The findings highlight the potential of Co.Ge. in advancing high-resolution digital cognitive assessment, in line with recent developments in computational and digital psychiatry, advocating the use of parameter-based individual profiling to support diagnostic and therapeutic decisions [
39,
40,
41,
42]. From a clinical perspective, these features could directly support both diagnosis and treatment planning. For example, fine-grained parameters derived from generative models may help distinguish early cognitive impairment from psychiatric conditions with overlapping symptoms (e.g., depression), identify patient-specific cognitive targets for rehabilitation, and monitor treatment response with higher sensitivity than conventional scores. This is especially relevant in light of the principle of equifinality, whereby similar observable outcomes (e.g., memory errors or slowed reaction times) may arise from distinct underlying mechanisms (e.g., neurodegenerative decline versus depression). Generative models are specifically designed to disentangle these mechanisms, allowing clinicians to better interpret what drives apparently similar test results [
43,
44,
45]. The richness of the behavioral data collected by Co.Ge. will enable the investigation of latent cognitive processes such as semantic drifts, attentional fluctuation, executive control, and decision-making dynamics [
46,
47,
48,
49,
50]. Furthermore, Co.Ge.’s modular architecture supports integration with electronic health records and external databases, making it a flexible tool for both clinical and research contexts. Key features include the ability to design customized cognitive batteries, apply demographic and clinical corrections, and monitor cognitive trajectories over time. This positions Co.Ge. as a promising platform for digital phenotyping and the development of personalized rehabilitation strategies [
39,
40,
41,
51,
52].
The cognitive domains assessed by Co.Ge.—including memory, attention, executive functions, language, and learning—are transdiagnostic and relevant across different brain disorders, including neurodegenerative (e.g., Alzheimer’s disease, Parkinson’s disease) and neurodevelopmental conditions (e.g., autism spectrum disorder, ADHD). At present, the platform has been tested primarily in clinically stable psychiatric populations, and its use is intended for patients whose condition is compatible with computer-based testing. Broader application to neurodegenerative and neurodevelopmental conditions is plausible but will require further validation studies and potential adaptations, especially for patients at advanced disease stages or during acute decompensation.

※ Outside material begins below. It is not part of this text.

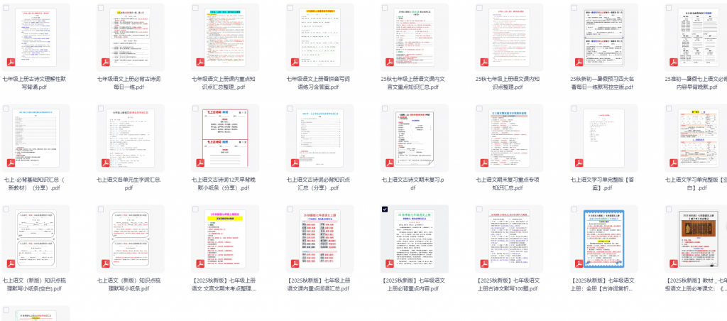 25准初一暑假七上语文必背内容早背晚默,pdf

This study has limitations: (1) The sample size was relatively limited. Group-level patterns in reaction times and recall trajectories clearly emerged but may need to be confirmed in larger samples, i.e., with cognitive impairments or neurodegenerative conditions. (2) We did not carry out formal equivalence testing for reaction times. Future concurrent validation studies are needed. (3) Longitudinal design is needed to evaluate test–retest reliability and sensitivity to change. Other planned improvements to Co.Ge. include expanding its task library, integrating adaptive testing algorithms, providing multiple language interfaces (the current version is developed only in Italian), and enhancing data processing capabilities.